MIT actually also had six score in double-digits and were paced by 15 points and six rebounds from Merlin Gogolin (6-11 FG, 1-2 3-PT, 2-2 FT).  Will Bland (4-11 FG) and Isaac Dobie (5-8 FG, 3-6 3-PT) each had 13 while Spencer Lin (4-9 FG) and Mike Ewing (4-12 FG, 2-6 3-PT, 2-2 FT) had 12 points apiece.  The Engineers also had a positive assist-to-turnover ratio (15-12), but saw KSC shoot 16-for-36 (44 percent) from three in addition to dominating the glass by 24, including 18 offensive rebounds (11 after halftime).

Inside the Paint
  • KSC has won three straight in the series, which began in 2017, and leads it 4-2.  The Owls are also 3-0 at the Rockwell Cage, including a 92-74 win in their last visit to Cambridge two years ago.
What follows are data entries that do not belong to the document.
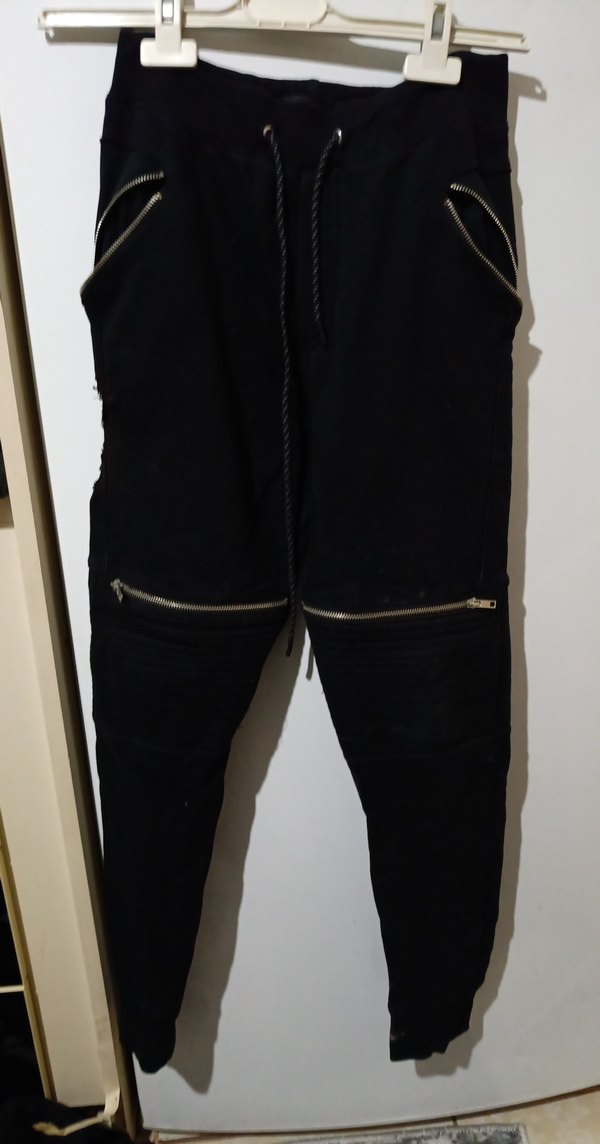 Siyah renkli, dar kesim erkek eşofman, süet kumaştan ve fermuarlı ceplerle tasarlanmıştır. Günlük kullanım için uygun, sokak modası tarzında.12,13 yaş
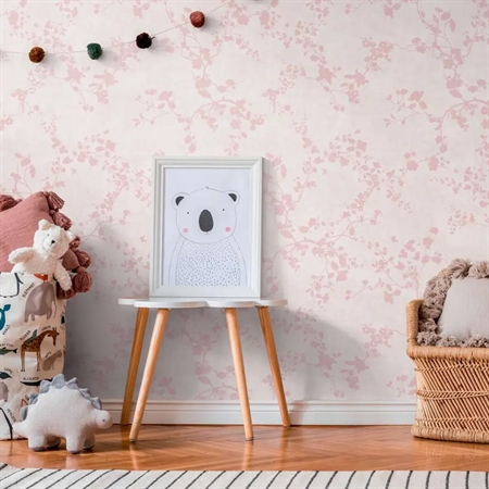 Garden Fantasy fra vores Lilly & Luis kollektion omdanner børneværelset til en blomstrende oase. De fine blomstergrene i lyserøde og beige toner svæver let over tapetets puderede overflade og skaber en blid, romantisk stemning, der passer perfekt til både leg og afslapning. Motivets håndtegnede detaljer giver et kunstnerisk og tidløst look uden at virke overflyvende.
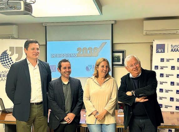 La presidenta de la Asociación de Periodistas de Cantabria (APC), Dolores Gallardo; Fernando Jáuregui y Sergio Martín, de Foro Periodismo 2030, y el director general de Fundación AXA, Josep Alfonso Caro, presentaron esta segunda encuesta, cuyo trabajo de campo concluyó a nales de diciembre de 2022, el martes, en rueda de prensa en Santander.
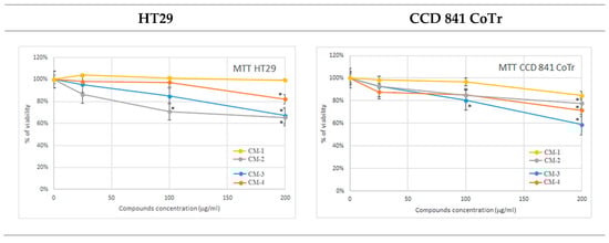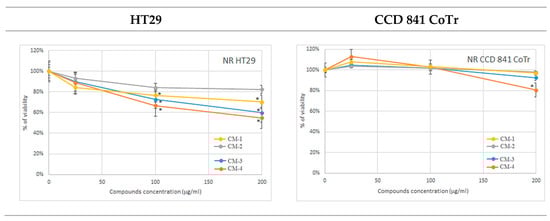 The lowest cytotoxic activity on tumor HT29 cells was observed for coumarin CM-2. At the highest concentration applied, the viability decreased by about 17.5% compared to the control. The same concentration of coumarin CM-4 decreased the viability of HT29 cells by about 45% in comparison to the untreated control (Figure 5).
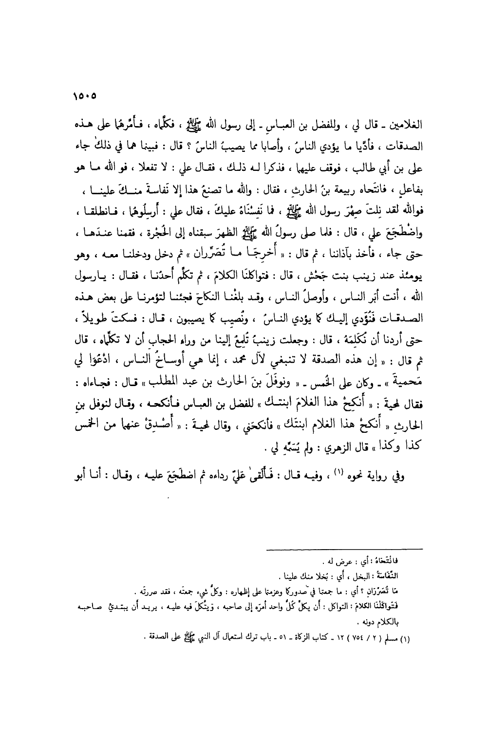 الغلامين - قال لي، وللفضل بن العباس - إلى رسول الله صلى الله عليه وسلم، فكلماه، فأمرهما على هذه الصدقات، فأديا ما يؤدي الناسُ، وأصابا مما يصيبُ الناسُ؟ قال: فبينما هما في ذلك جاء علي بن أبي طالب، فوقف عليهما، فذكرا له ذلك، فقال علي: لا تفعلا، فوالله ما هو بفاعلٍ، فانتحاه ربيعة بن الحارث، فقال: والله ما تصنعُ هذا إلا نفاسة منك علينا، فوالله لقد نلت صِهْرَ رسول الله صلى الله عليه وسلم، فما نفسناهُ عليك، فقال علي: أرسلُوهُما، فانطلقا، واضطجع علي، قال: فلما صلى رسول الله صلى الله عليه وسلم الظهر سبقناه إلى الحُجرة، فقمنا عندها، حتى جاء، فأخذ بآذاننا، ثم قال: "أَخرجَا ما تُصرِّران" ثم دخل ودخلنا معه، وهو يومئذ عند زينب بنت جحش، قال: فتواكلنا الكلام، ثم تكلم أحدُنا، فقال: يا رسول الله، أنت أبر الناس، وأوصلُ الناس، وقد بلغنا النكاح فجئنا لتؤمرنا على بعض هذه الصدقات فنؤدي إليك كما يؤدي الناسُ، ونُصيب كما يصيبون، قال: فسكت طويلاً، حتى أردنا أن نُكلمهُ، قال: جعلت زينبُ تُلمِعُ إلينا من وراء الحجاب أن لا تكلماه، قال ثم قال: "إن هذه الصدقة لا تنبغي لآل محمد، إنما هي أوساخُ الناس، ادعُوا لي محميةَ"- وكان على الخُمس- "ونوفل بن الحارث بن عبد المطلب" قال: فجاءاه: فقال لمحية: "أنكِحْ هذا الغلام ابنتك" للفضل بن العباس فأنكحه، وقال لنوفل بن الحارث "أنكحْ هذا الغلام ابنتك" فأنكحني، وقال لمحيةَ: "أصدِقْ عنهما من الخمس كذا وكذا" قال الزهري: ولم يُسَمِّهِ لي.
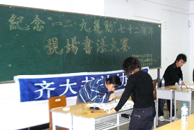 为继承和发扬我国书法艺术传统,弘扬爱国主义精神,由校团委主办,校学生社团联合会、校书法协会承办的纪念“一二•九运动”七十二周年书法大赛于12月9日下午14点在艺术楼325室举行。来自全校的一百多名书法爱好者参加了比赛。
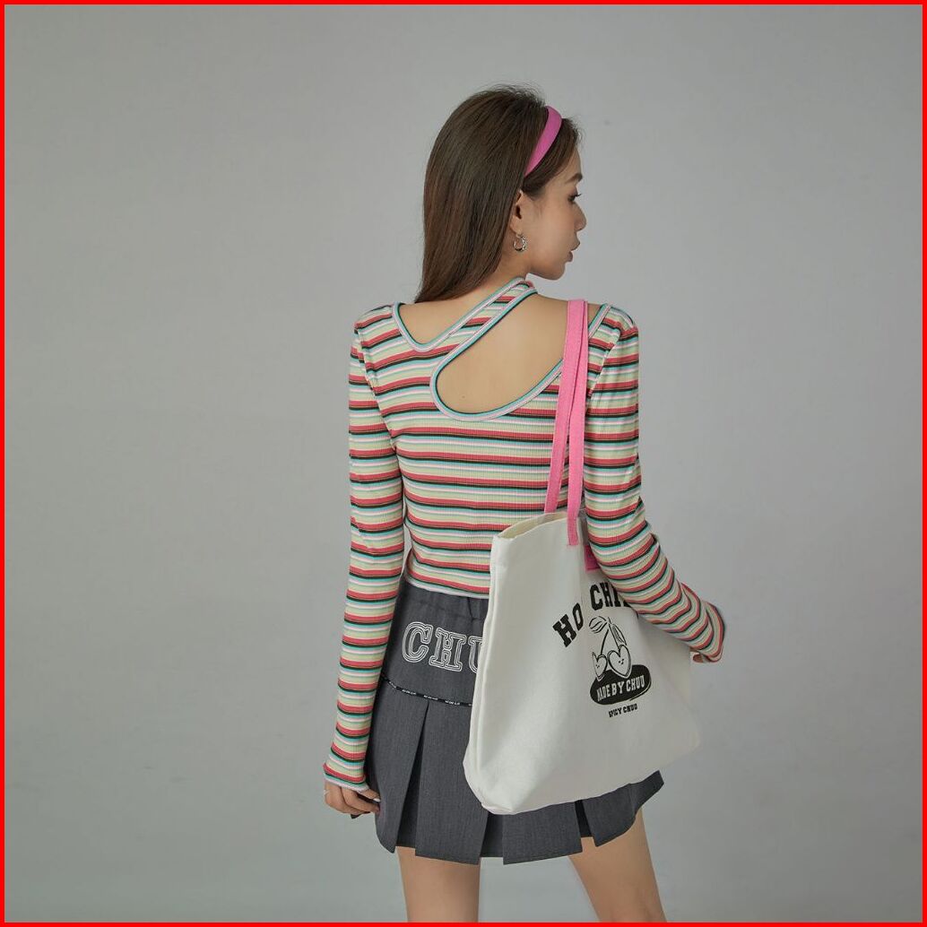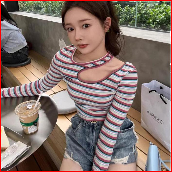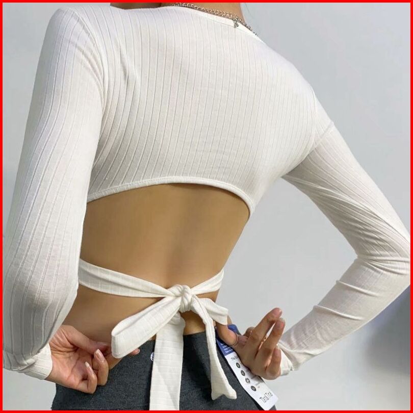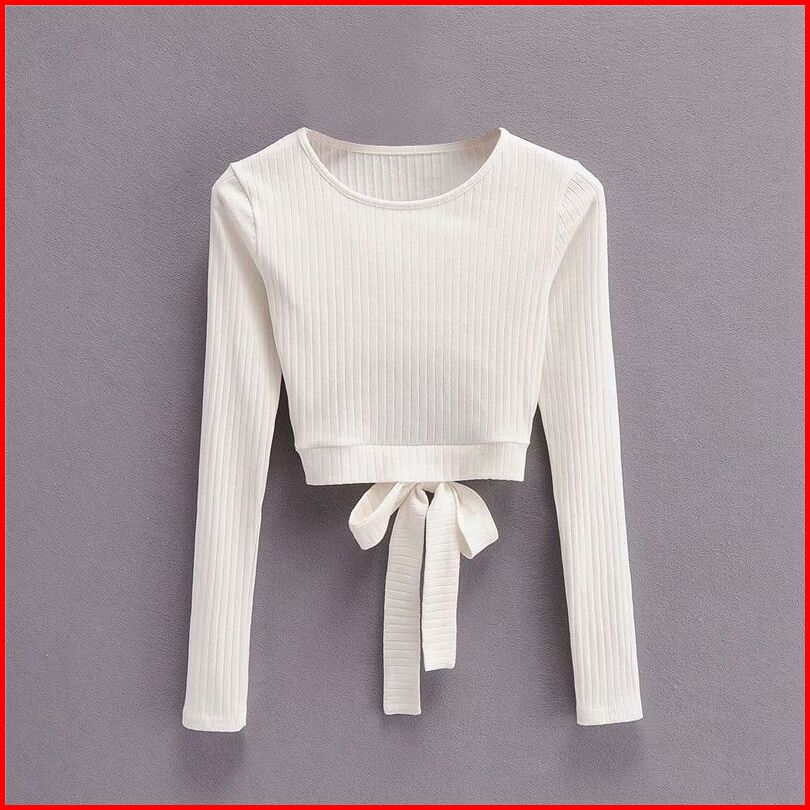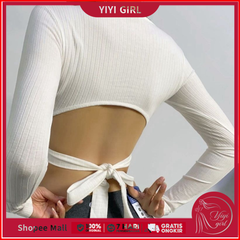 Yiyi Girl Basic Blouse Korean Style Wanita Lengan Panjang Crop Top
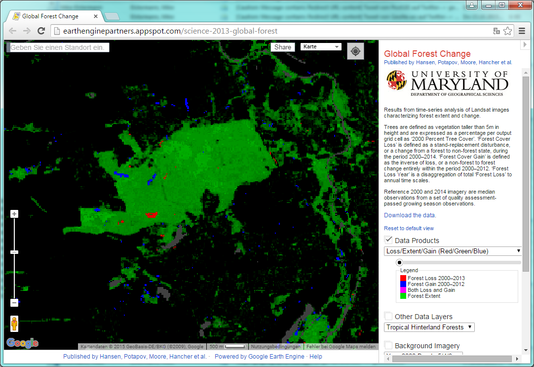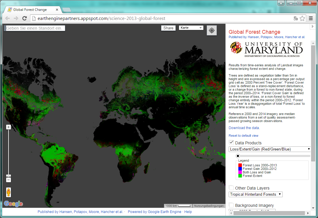 Die Erde hat 3000 Milliarden Bäume, jährlich werden 15 Milliarden gefällt, damit ist die Zahl der Bäume seit Beginn der Landwirtschaft vor 12000 Jahren um 46% gesunken! (Quelle: http://www.nature.com/news/global-count-reaches-3-trillion-trees-1.18287). Was liegt dann näher, als diese Daten auf der Karte zu visualisieren?

  • Keene State has seven games of 20 or more assists in the past two seasons (35 games) and has an average margin of victory of 35 points in those contests.
  • The Owls are currently shooting 50.6 percent as a team from the field, 58-for-144 (40 percent) from three, and 76 percent (66-for-87) from the free throw line.
  • KSC entered the day with the 12th best assist-to-turnover ratio in Division III.
Up Next
  • The Owls conclude a stretch of five consecutive games away from home at Albertus Magnus College (5-0), the 2023 Great Northeast Athletic Conference champions and NCAA tournament participants, on Tuesday, November 28 at 7:00 p.m.
  • MIT, who was coming off a 91-82 home loss to Tufts University on Tuesday night and has now dropped five straight since opening the season with a win at the University of Massachusetts-Dartmouth, travels to Salem State University (2-3) on the same night (7:00 p.m.).